View rate -- a rankable value that represents the general level of viewer interest in an article (or other page)

Use cases:

  • I'm a WikiProject maintainer and I want to sort my worklists by the articles view rate, I cannot really do this well through pageview API as i need to request pageviews for an article since the beginning but I have no "populrity baseline" to compare those to.
  • I'm SuggestBot and I'd like to give my users a notion of how often an article is viewed when I recommend that they edit it.
  • I'm a researcher and I want to compare the rate that of views with the rate of edits.

Spec:

  • Each article would have a single rate.
  • A rate could be either one value (average views per <time unit>) or two values (start date of data, total number of views)

Event Timeline

Thoughts on possible implementation:

  • output table is something like average_monthly_pageviews (page_id, page_title_latest, page_titles_previous, months_included, monthly_average_views)
  • run a monthly job
  • join mediawiki_page_history to pageview_hourly to get the most recent month by page_id
  • join the result to average_monthly_pageviews to get the average so far, compute the new average and write a new average_monthly_pageviews

The result would be a fairly efficient job that gets us:

  • average views per page_id
  • all the titles a page has had in one field, per page_id

And then we can serve this via another api endpoint like metrics/pageviews/per-article-average

  1. ?
  2. profit!

Sounds good @Milimetric

@Nettrom was very interested in this during our last discussion. I wrote the SuggestBot use-case based on a conversation with him.

Nuria added a subscriber: Nuria.

We should have an "editing tools" tag as this really seems like a backend that would be useful for those.

Milimetric triaged this task as Medium priority.May 8 2017, 2:27 PM

@Hall1467 & @DarTar FYI, this will make our work for entity usage (view rates) much easier. But it's not coming soon, so this is just an FYI.

@Nettrom, I think this is our biggest blocker for getting the Article Importance model hosted in ORES.

I'm a WikiProject maintainer and I want to sort my worklists by the articles view rate, I cannot really do this well through pageview API as i need to request pageviews for an article since the beginning but I have no "populrity baseline" to compare those >to.

I get that this would not solve your use case 100% but you can compare pageviews of any one page to main page: https://tools.wmflabs.org/pageviews/?project=en.wikipedia.org&platform=all-access&agent=user&range=latest-20&pages=Cat|Main_Page

This is not mean for programatic access but it is a good proxy for "popularity: https://tools.wmflabs.org/pageviews/?project=en.wikipedia.org&platform=all-access&agent=user&range=latest-20&pages=Main_Page|Donald_Trump

Coming back to this I have a bunch of questions, so I'll just ask them and see where we go from there.
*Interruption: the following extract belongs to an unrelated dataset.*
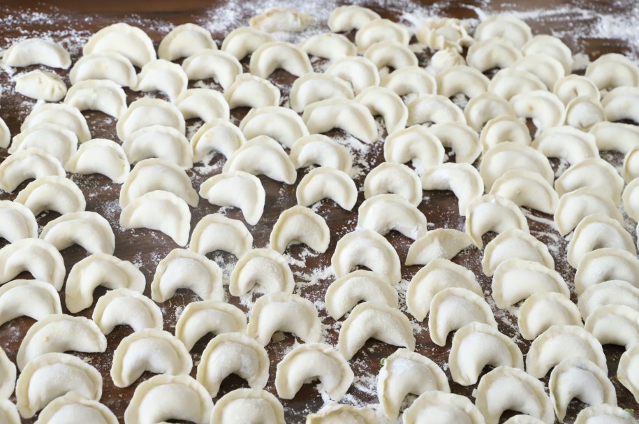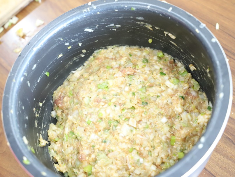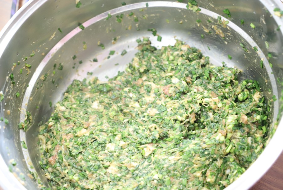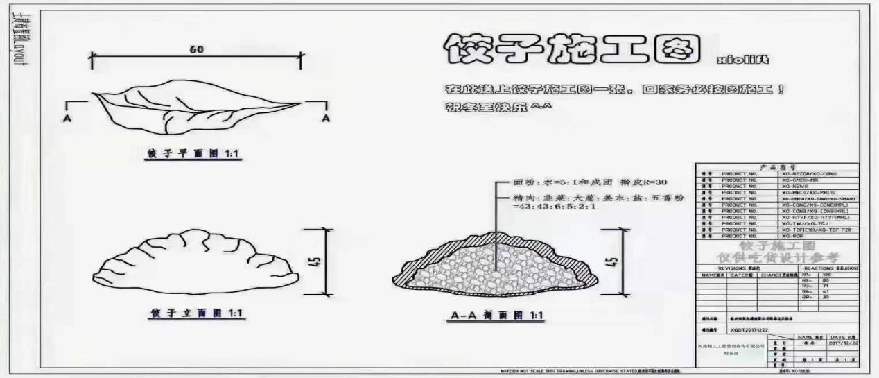 本次“餃子”制作依舊采用傳統(tǒng)的施工工藝:“剁”-“調(diào)”-“拌”-“和”-“盤”-“搟”-“包”。

Apologies if this is counterproductive, feel free to let me know how to improve in future work.

How do we expose the data to the public, and how often should it be updated?

The SuggestBot use case prefers updated data. When I first wrote it, I decided on calculating view rate using a two-week period and using the most recent data available because I wanted it to be affected by recent trends and being as close to current as I could get it. SuggestBot is currently small scale and not time critical, meaning the pageview API serves it well (ref [1]).

As a researcher, I might be working with millions of pages, a case where a monthly dump will work fine.

How do we define view rate? SuggestBot uses a 14-day average as mentioned above. In our 2015 ICWSM paper (ref [2]), we used 28 days as a substitute for a calendar month, and I've used that as a basis in the current work on article importance (ref [3]) as well. In a recent paper by Sen et al (ref [4]), they used the median of a 100-day sample over a one-year period as their view-based ranking component. I'm not sure if we should use all available data if possible, restrict it to a given timespan, allow an arbitrary timespan, or sample like Sen et al did. Do we restrict it to articles, or are we interested in all types of pages?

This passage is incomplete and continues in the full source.